Clicking on the buttons at the top of the molecule view allows the display of hydrophobic surfaces (yellow), and both positive (red) and negative fields (blue), clicking on the button again turns off the appropriate surface.
By selecting multiple structures you can view the corresponding molecules and fields either overlayed or as a grid. In the display below the ester (left) is compared with the ketone (right).
To now add another structure you can simply right-click on an existing structure and choose “edit a copy of the selected molecule” this opens a structure editor that allows modification of the existing structure. When you have completed editing the structure click the minimise button and the structure will be minimised to the nearest local energy minimum and the field patterns added.
The minimiser is XEDMIN, this is based on their proprietary forcefield (FF2), which uses eXtended Electron Distributions (XEDs) to model the electrostatic fields in a more accurate manner. The use of XED based forcefields has been particular successful in studying aromatic interactions (Chessari, G., Hunter, C. A., Low, C. M. R., Packer, M. J., Vinter, J. G. and Zonta, C. (2002), An Evaluation of Force-Field Treatments of Aromatic Interactions. Chemistry – A European Journal, 8: 2860–2867. doi: 10.1002/1521-3765(20020703)8:13<2860::AID-CHEM2860>3.0.CO;2-N) Comparison of the experimental aromatic interaction energies and the X-ray crystal structures of complexes with the calculated data show that conventional molecular mechanics force fields (MM2, MM3, AMBER and OPLS) do not perform well. However, the XED force field which explicitly represents electron anisotropy as an expansion of point charges around each atom reproduces the trends in interaction energy and the three-dimensional structures exceedingly well.
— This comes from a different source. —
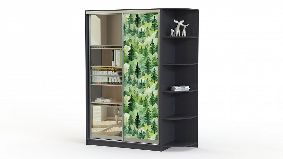 Шкаф-купе Марко 5 BMS, совмещенный со стеллажом, создан для тех, кто ищет компактный и вместительный вариант с оригинальным дизайном. В левой части шкафа, закрытой прозрачным стеклом и зеркалами, можно эффектно расположить книги, а в правой – одежду и прочие предметы гардероба. Фасад платяного отделения украшен износостойким принтом природной тематики. Купить шкаф-купе Марко 5 BMS в гостиную или комнату школьника вы сможете по доступной цене на сайте нашего интернет-магазина.

I added the oxime ether shown below. Note the main negative potential is associated with the nitrile not the oxime. It would be nice to be able to rotate the structures independently in order to align the surfaces, at the moment it is probably better to build structures by modification of an existing structure to keep them more or less aligned.
Five-membered heterocycles have been used as bioisosteric replacements for esters on a number of occasions and in particular there are many examples of the 1,2,4-oxadiazole being used. The corresponding field views are shown below, note the negative potentials are associated with the nitrogens of the heterocycle (right).
It should be noted that the fields are highly dependent on the conformation of the molecule, with different conformations giving different field shapes. Cresset use another product FieldAlign to do this. This is used for mapping a molecule or a series of molecules to a fixed conformation of the target structure. The generation of multiple conformers is automatically handled by FieldAlign, using a combination of torsion driving and high-temperature dynamics, followed by a short minimisation step to the nearest local minimum. You could of course use an external program to generate multiple conformations of a given structure and then export in sdf format and import into FieldView.
Cresset have also made a number of webclips available that illustrate FieldView features.
They also provide a couple of case studies.
FieldView is a pretty intuitive application to use and offers access to a unique way of viewing molecules and in particular possible intramolecular interactions, and as such is a valuable addition to the chemists desktop.